3. What can hackers do with stolen data?

Once sensitive data falls into the hands of hackers, the consequences are extremely serious. Passwords, credit cards or e-wallets are the “keys” to accessing the victim’s digital assets and online identity.

If they get the password, hackers can log into email accounts, social networks, work systems, or online banking services. With credit card information, they can make unauthorized transactions, withdraw money, or sell the information on the black market. Cryptocurrency wallets are even more dangerous, because blockchain transactions are almost irreversible, meaning money once lost cannot be recovered.
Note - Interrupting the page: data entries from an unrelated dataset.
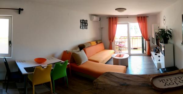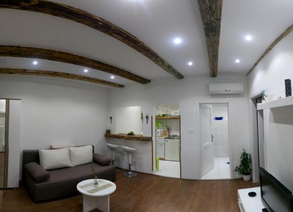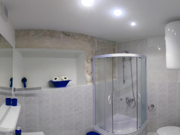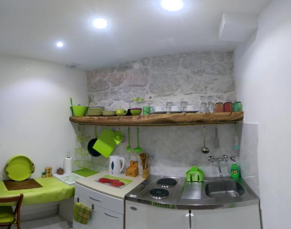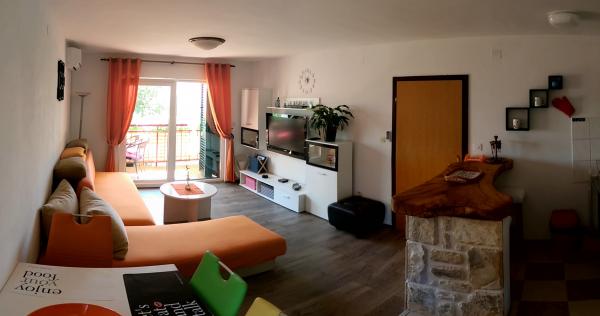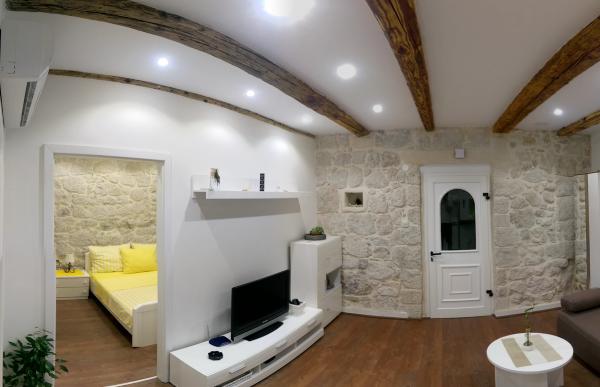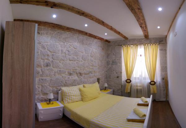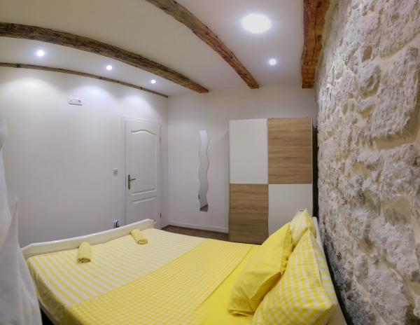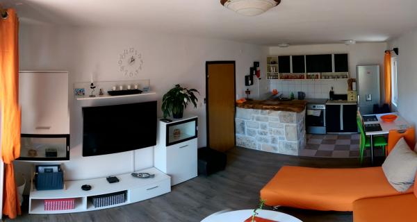 Dom z dwóch nowych mieszkań. Obiekt położony jest 5-6 minut spacerem w dół od centrum Graz, plaża, morze, restauracje, kawiarnie i sklepy. Pierwszy apartament (2 2) Mieszkanie w części kamiennym domu na parterze, całkowicie odnowiony w starym stylu regionalnym. Posiada jedną sypialnię z podwójnym łóżkiem oraz pokoju dziennego z kanapą, która rozciąga wymiary innym dużym łóżkiem dla dwóch osób. Posiada również kuchnia i łazienka z prysznicem. Jest on wyposażony w klimatyzację, internet, telewizor LCD, telewizję satelitarną. Posiada własny ogród ze stołem i krzesłami. Drugi apartament (4 2) znajduje się na pierwszym piętrze, posiada dwie sypialnie z dwoma łóżkami, duży pokój dzienny z rozkładaną sofą, dużym dużej wielkości w pełni wyposażona kuchnia, łazienka i balkon ze stołem i krzesłami. Mieszkanie ma Internetu, klimatyzację, telewizor LCD i telewizję satelitarną. Parking znajduje się na tyłach domu i jest bezpłatny. Wszyscy goście mogą korzystać cały ogród, kuchnia odkryty, pokój z pralką, grill i duży stół z krzesłami
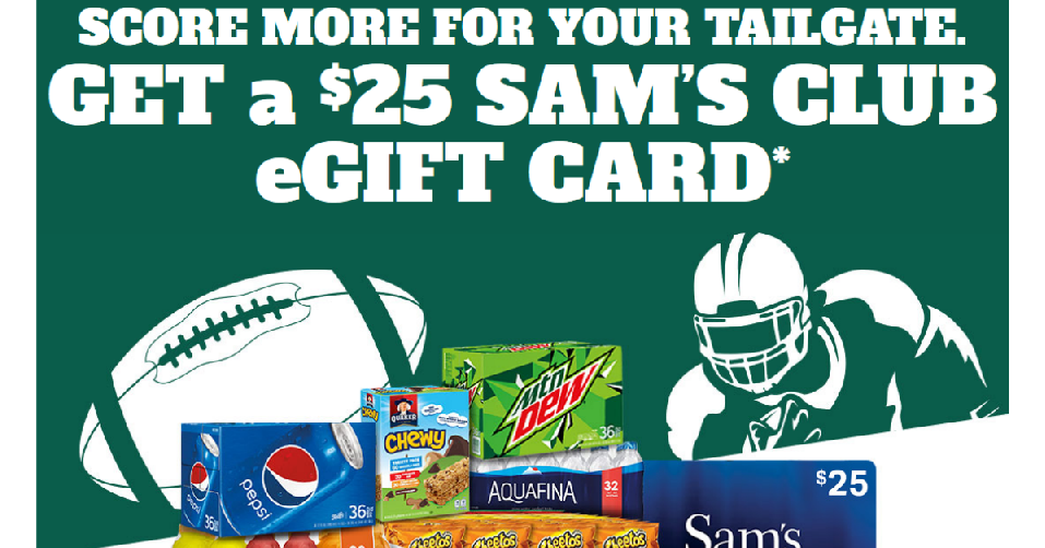 Here’s a fun deal for tailgate season! Sam’s Club is offering a free $25 eGift card with a $50 PepsiCo purchase.
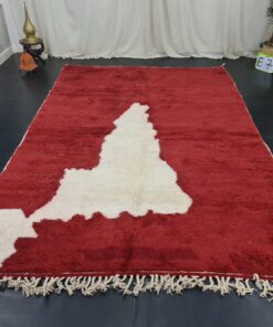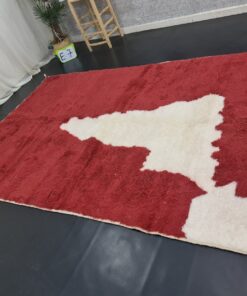 Red Beni Ourain Rug – Handmade Abstract Carpet 7×10
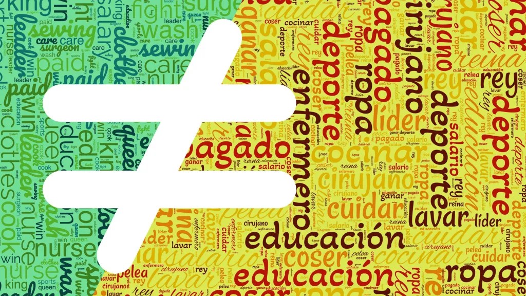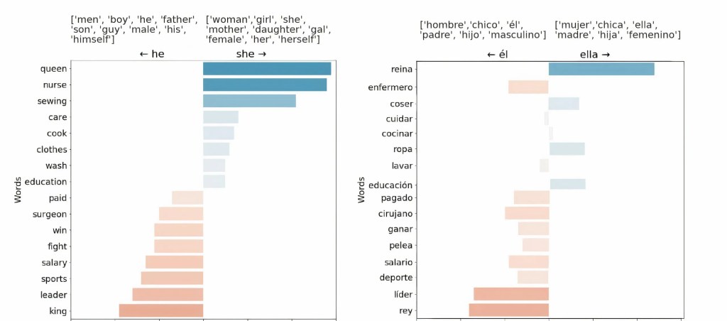 Una lista de 16 palabras en inglés (izquierda) y su traducción al español (derecha) y la similitud de sus embeddings de palabras con respecto a conceptos masculinos y femeninos. Esta figura ilustra que las metodologías para la detección de sesgos desarrolladas para el inglés no son directamente aplicables a otros idioma
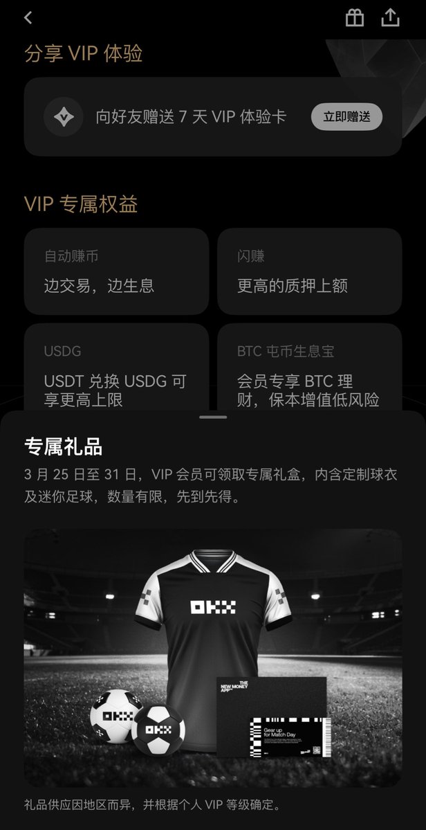 下午吃饭的时候,收到了欧意客服给我发的活动提醒。这期的欧易VIP周边是世界杯系列的定制礼盒。虽然我也不怎么看世界杯足球啥的⚽️但这件熊猫色球服还挺好看的。
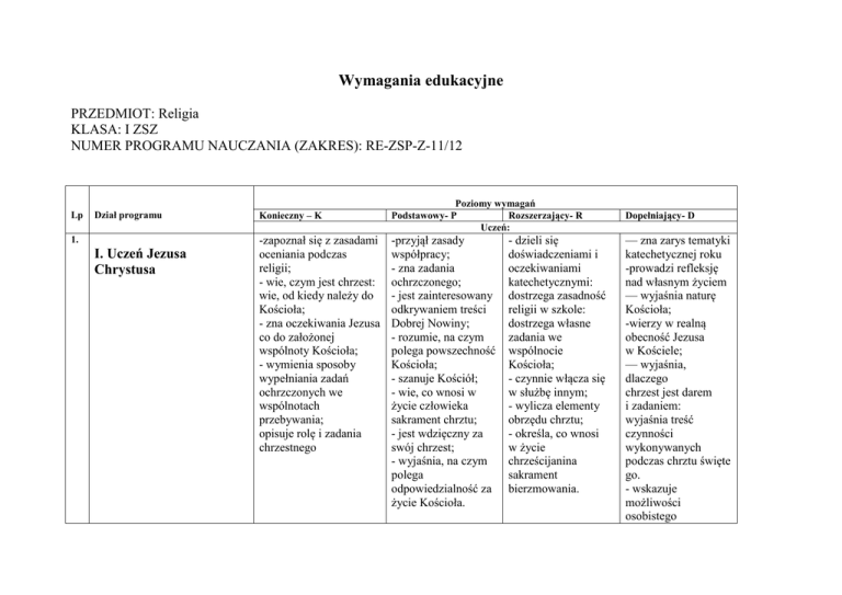 Wymagania edukacyjne PRZEDMIOT: Religia KLASA: I ZSZ NUMER PROGRAMU NAUCZANIA (ZAKRES): RE-ZSP-Z-11/12 Lp Dział programu 1. I. Uczeń Jezusa Chrystusa Konieczny – K -zapoznał się z zasadami oceniania podczas religii; - wie, czym jest chrzest: wie, od kiedy należy do Kościoła; - zna oczekiwania Jezusa co do założonej wspólnoty Kościoła; - wymienia sposoby wypełniania zadań ochrzczonych we wspólnotach przebywania; opisuje rolę i zadania chrzestnego Poziomy wymagań Podstawowy- P Rozszerzający- R Uczeń: -przyjął zasady współpracy; - zna zadania ochrzczonego; - jest zainteresowany odkrywaniem treści Dobrej Nowiny; - rozumie, na czym polega powszechność Kościoła; - szanuje Kościół; - wie, co wnosi w życie człowieka sakrament chrztu; - jest wdzięczny za swój chrzest; - wyjaśnia, na czym polega odpowiedzialność za życie Kościoła. - dzieli się doświadczeniami i oczekiwaniami katechetycznymi: dostrzega zasadność religii w szkole: dostrzega własne zadania we wspólnocie Kościoła; - czynnie włącza się w służbę innym; - wylicza elementy obrzędu chrztu; - określa, co wnosi w życie chrześcijanina sakrament bierzmowania. Dopełniający- D — zna zarys tematyki katechetycznej roku -prowadzi refleksję nad własnym życiem — wyjaśnia naturę Kościoła; -wierzy w realną obecność Jezusa w Kościele; — wyjaśnia, dlaczego chrzest jest darem i zadaniem: wyjaśnia treść czynności wykonywanych podczas chrztu święte go. - wskazuje możliwości osobistego 2. II. Świat człowieka i Boga -rozumie, na czym polega życie wiarą; -interpretuje, dlaczego Abrahama uznajemy za ojca wszystkich wierzących; - wyjaśnia termin ekumenizm; - wyjaśnia, czym jest nadprzyrodzone objawienie; - tłumaczy, dlaczego człowiek powinien odpowiedzieć na inicjatywę Boga; - wyjaśnia, w jaki sposób człowiek może odpowiedzieć na usłyszane Słowo Boga; - opowiada, jakiego Boga przedstawia nam Jezus; - wie, kto jest autorem Pisma świętego; - wyjaśnia, czym jest natchnienie Boże; - wie, co Bóg oferuje człowiekowi, co obiecuje, do czego zaprasza; - stara się poznawać Boga; - wyjaśnia, dlaczego człowiek poszukuje Boga; - wymienia religie chrześcijańskie; - wie, co wyróżnia chrześcijaństwo spośród innych religii; - wie, w jaki sposób Bóg mówi o Sobie; - wierzy Słowu Bożemu; - tłumaczy, na czym polega pełne objawienie w Jezusie; - wierzy w bóstwo Jezusa; - wie, co najważniejszego wnosi Jezus w życie człowieka; - uznaje pośrednictwo Jezusa w objawieniu Boga; - wylicza etapy powstawania Biblii; - wierzy w - wyjaśnia, dlaczego Boga można poznać na podstawie rzeczy stworzonych; - wskazuje przykłady religii niechrześcijańskich; - opisuje, jakiego Boga poznajemy za pośrednictwem Mojżesza; - wie, o czym świadczy postawa dialogu Boga i człowieka; - wyjaśnia treść Prologu św. Jana; - dostrzega, w czym przejawia się prawda, że Jezus jest szczytem Objawienia; - wyjaśnia poznany fragment Listu do Hebrajczyków; - uzasadnia, na jakiej podstawie twierdzimy, że Jezus odsłania tajemnicę Boga; świadectwa we wspólnocie Kościoła. - interpretuje, dlaczego człowiek jest drogą poznania Boga; - wymienia przyczyny niewiary; - publicznie wyznaje wiarę; - uzasadnia wartość dialogu międzyreligijnego; - rozpoznaje Boga zatroskanego o los człowieka; - określa kolejne etapy dialogu Boga z człowiekiem; - wskazuje, jakie trudności mogą być spotykane w procesie uznania Jezusa jako Boga; 3. III. Bóg obietnic -wie, czym jest modlitwa. możliwość życia wiecznego w niebie; - wyjaśnia, jaka powinna być modlitwa; - modli się. - uzasadnia, skąd istnieje w człowieku dobro; - wyjaśnia określenie człowiek sumienia; - opisuje, czym jest sumienie; - wie, z jakim religijnym przesłaniem zwracają się chrześcijanie do swego otoczenia w okresie adwentu; - opowiada, jak chrzcścijanin powinien postrzegać swoją pracę; - wyjaśnia termin własność; - rozumie, dlaczego Bóg i Kościół staje w obronie własności; - wskazuje, jakie postawy i w jaki sposób - rozumie termin dobro; -troszczy się o dobro; - opisuje, dlaczego koniecznie należy czynić dobro; - rozumie, dlaczego chrześcijanin powinien być „człowiekiem sumienia”; - rozpoznaje źródło zła; - podejmuje chrześcijańskie przeżywanie adwentu; - wyjaśnia, jakie prawa i obowiązki posiadają względem siebie pracodawca i pracownik; - słucha orędzia ewangelicznego podczas zgromadzeń liturgicznych; - opowiada wybrane teksty biblijne o modlitwie; - określa miejsca, w których należy się modlić. - wyjaśnia pojęcie prawda; - opisuje, na jakiej podstawie twierdzimy, że Bóg jest dobrem prawdą; - kształtuje własną postawę rozprzestrzeniania dobra; - troszczy się o formację sumienia; - wyjaśnia określenie dwa biblijne adwenty; - opisuje, na czym polega dewaluacja ludzkiej pracy; - wie, w imię jakich wartości Kościół angażuje się w sprawy związane z - poszukuje prawdy i dobra; - formuje umiejętność życia w prawdzie; - przytacza fragmenty biblijne uzasadniające potrzebę czynienia dobra; - wyjaśnia, jaki jest sens ludzkiej pracy; - poznał treść wybranych fragmentów z Laborem exercens - wie, dlaczego chrześcijanie są szczególnie wezwani do poszanowania pracy: - tłumaczy, na jaki zasadniczy motyw-po 4. IV. Bóg dal swego Syna dla zbawienia człowieka są szkodliwe wobec własności. - opisuje, co Kościół ma do zaoferowania ludzkości w sprawach odnoszących się do własności. ludzką pracą; - uzasadnia relacje przykazań Bożych i własności. wód angażowania się Kościoła w sprawy społeczne można wskazać na podstawie analizowanych tekstów Laborem exercens - zna religijny wymiar świąt Bożego Narodzenia; - opowiada o trosce Boga do człowieka; - wylicza nabożeństwa Wielkiego Postu; - wyjaśnia, co dokonało się w święto Paschy; - uczestniczy w liturgii paschalnej; - zna formułę sakramentalnego Pojednania i poku
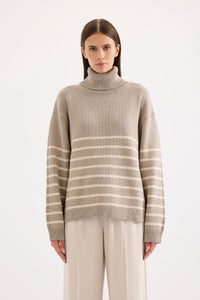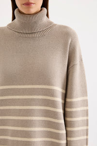 The Venus Turtleneck is made from a cotton blend yarn with a soft hand feel. The silhouette is relaxed with a dropped shoulder, and length finishing below the hips. Features include fold over turtleneck, placement stripe design, ribbed collar, cuff and hem.
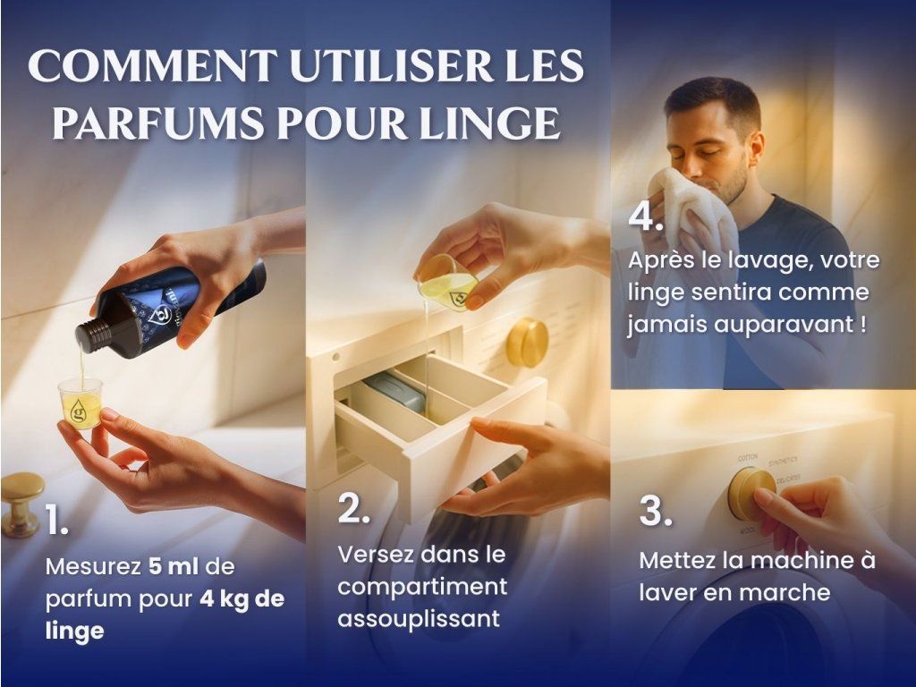 Utilisation: Verser 5 ml de concentré dans le bac de l'assouplissant. Cette quantité correspond à une dose pour 4 kg de linge. Le concentré n'est pas dilué. Pour le dosage, vous pouvez utiliser le bouchon du parfum Giovani®, correspondant à 3 ml. Nous recommandons d’appliquer 2 doses du bouchon. Pour un dosage plus confortable, vous pouvez acheter une pipette graduée avec notre logo ou une pompe doseuse alternative. Il suffit donc d'utiliser une petite quantité et votre linge sera parfaitement parfumé!
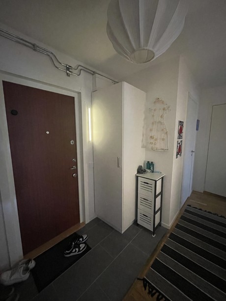 Bostaden har vitmålade väggar och ekparkett i samtliga rum, vilket ger en neutral bas som är lätt att inreda efter egen stil.
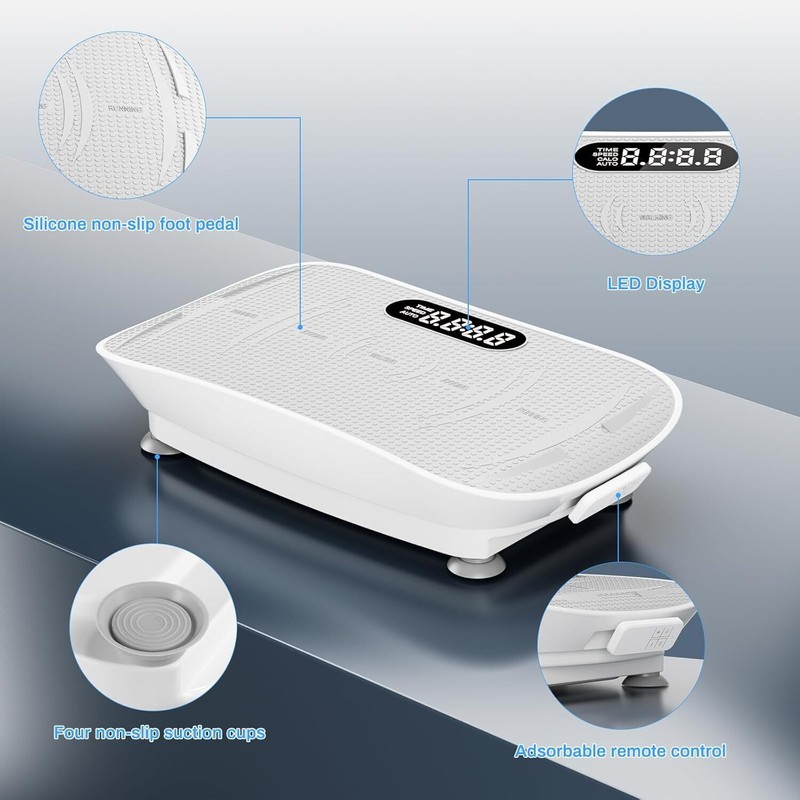 - User-Friendly: Vibe plate uses ABS plastic, which is very durable and stable, and can increase the service life of the shake plate. The bottom of the fitness platform is designed with suction cups, which are non-slip and fit the ground better.After the vibration platform machine starts vibrating, it can reach a relatively quiet state of 22-49dB, which avoids a lot of troubles when using it.
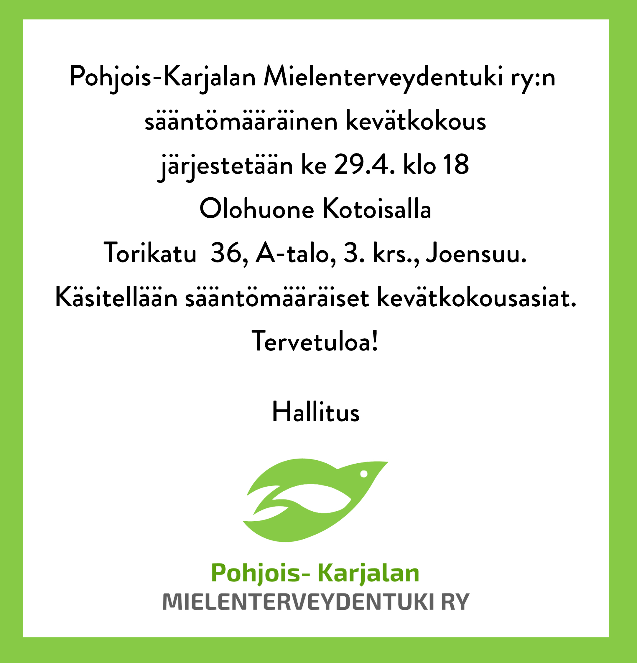 Pohjois-Karjalan Mielenterveydentuki ry:n sääntömääräinen kevätkokous järjestetään ke 29.4.2026 klo 18 alkaen Olohuone Kotoisalla Torikatu 36 A-talo 3.krs Joensuu. Kokouksessa käsitellään sääntömääräiset asiat. Tervetuloa!
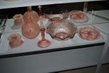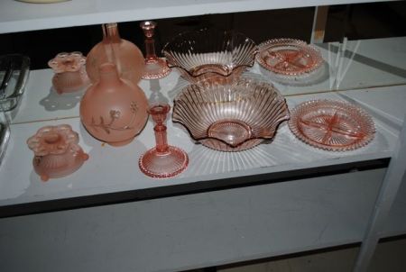 560 Pink Depression Glass Candle Holder, Sectional Dish, Bowl, Lamp Shade and Candle Holder Description
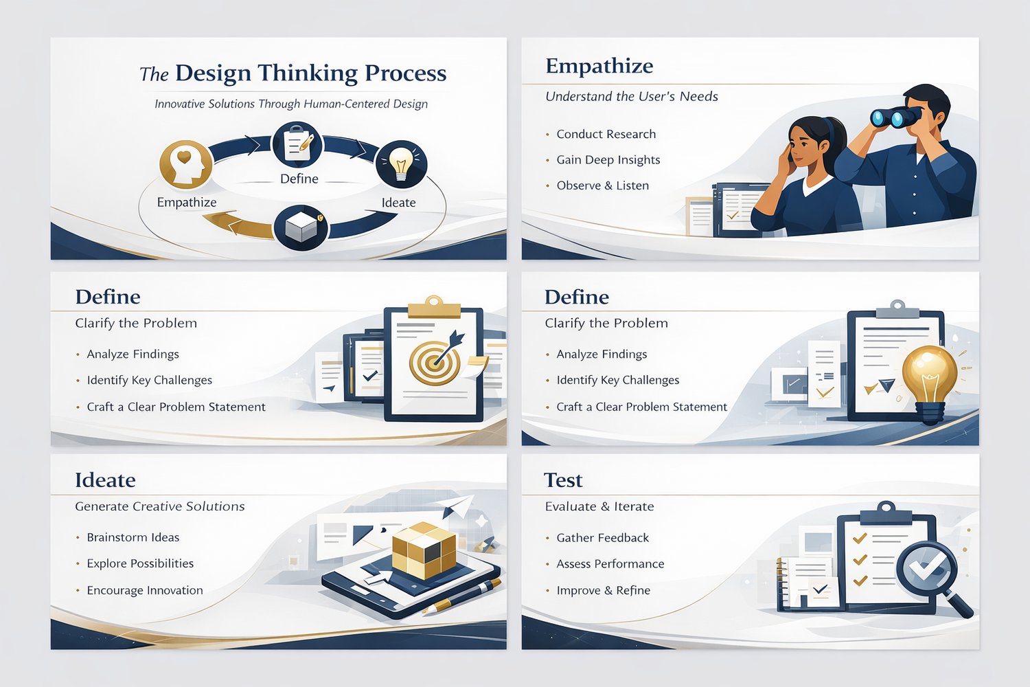 These images showcase a high-end Design Thinking Process, crafted with executive clarity and minimalist sophistication. The visual language is clean, structured, and authoritative—designed to communicate complex ideas with ease and elegance.
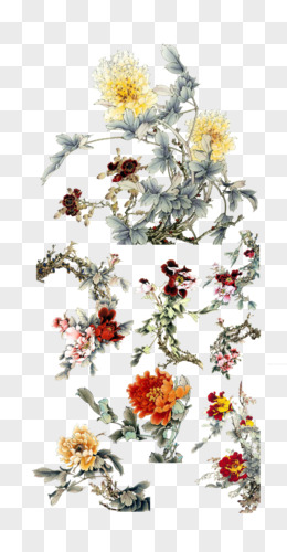 一组手绘国潮风花卉植物套图免抠元素

Not only that, data such as API tokens or cloud configurations also allow hackers to attack corporate systems, causing millions of dollars in damage. In addition, installing backdoors or spreading ransomware from the initial point of entry via MCP is also completely possible.

In other words, if successfully exploited, MCP can turn into a giant “backdoor”, opening the way for a series of cybercrimes from individuals to organizations.

4. Why are users easily fooled?

One of the reasons why MCP attacks are so dangerous is because of their high level of stealth . Unlike traditional forms of phishing such as fake emails or malicious links, this method creates almost no unusual signs that users can easily identify.

In many cases, users believe they are just working normally with AI or related applications. However, behind the scenes, the MCP server has been replaced or malicious code has been inserted, causing all exchanged data to be stolen.

This is reminiscent of previous supply chain attacks, where hackers did not attack users directly but through software or intermediary tools. MCP, as the “bridge” of AI, is the ideal intermediary point for bad actors to exploit.

5. Future danger level

Although MCP attacks are still experimental, experts say the future risks are huge. As MCPs become more widely used in commercial AI systems, the likelihood of them becoming a priority target for hackers is certain.

Cybercriminals are always one step ahead, willing to invest time and resources to find ways to exploit new technologies. Once they discover vulnerabilities, they quickly commercialize them as Attack-as-a-Service and sell them on the dark web. This means that anyone can pay to rent MCP mining tools without deep technical knowledge.

Furthermore, personal and financial data is increasingly valuable. A single set of credit card information can be sold for tens of dollars, while cryptocurrency wallets can bring huge profits to hackers. With such benefits, it is not difficult to understand why MCPs would quickly be "targeted".

6. What should users do to protect data?

While the threat of MCP is still relatively uncommon, it is always wise to be proactive. Individuals and businesses should be vigilant and adhere to basic safety principles such as:

· Always keep your software up to date, especially AI-related tools and connection protocols.      

· Be careful when installing or using an MCP server from an untrusted source.      

· Use multi-factor authentication (MFA) to increase security for important accounts.      

· Regularly review and change passwords and do not save passwords directly in the browser.      

· Businesses need to deploy network security monitoring solutions to detect unusual behavior early.      

Most importantly, everyone needs to be aware that security depends not only on technology but also on daily usage habits.

7. Conclusion

Kaspersky’s new discovery of hackers abusing the Model Context Protocol (MCP) is a wake-up call. While AI and connectivity offer countless opportunities to optimize work and life, they also pose unprecedented security risks.

Passwords, credit cards, e-wallets and personal data are the lucrative targets that cybercriminals are constantly aiming for. Although the MCP attack method has not appeared in reality, users cannot be subjective. Early preparation, from raising awareness to applying security measures, will be an effective "shield" for us to protect ourselves and our organizations from the gradually forming dangers.

In the AI ​​era, convenience and safety go hand in hand. Only by understanding both the opportunities and risks can we leverage technology intelligently and sustainably.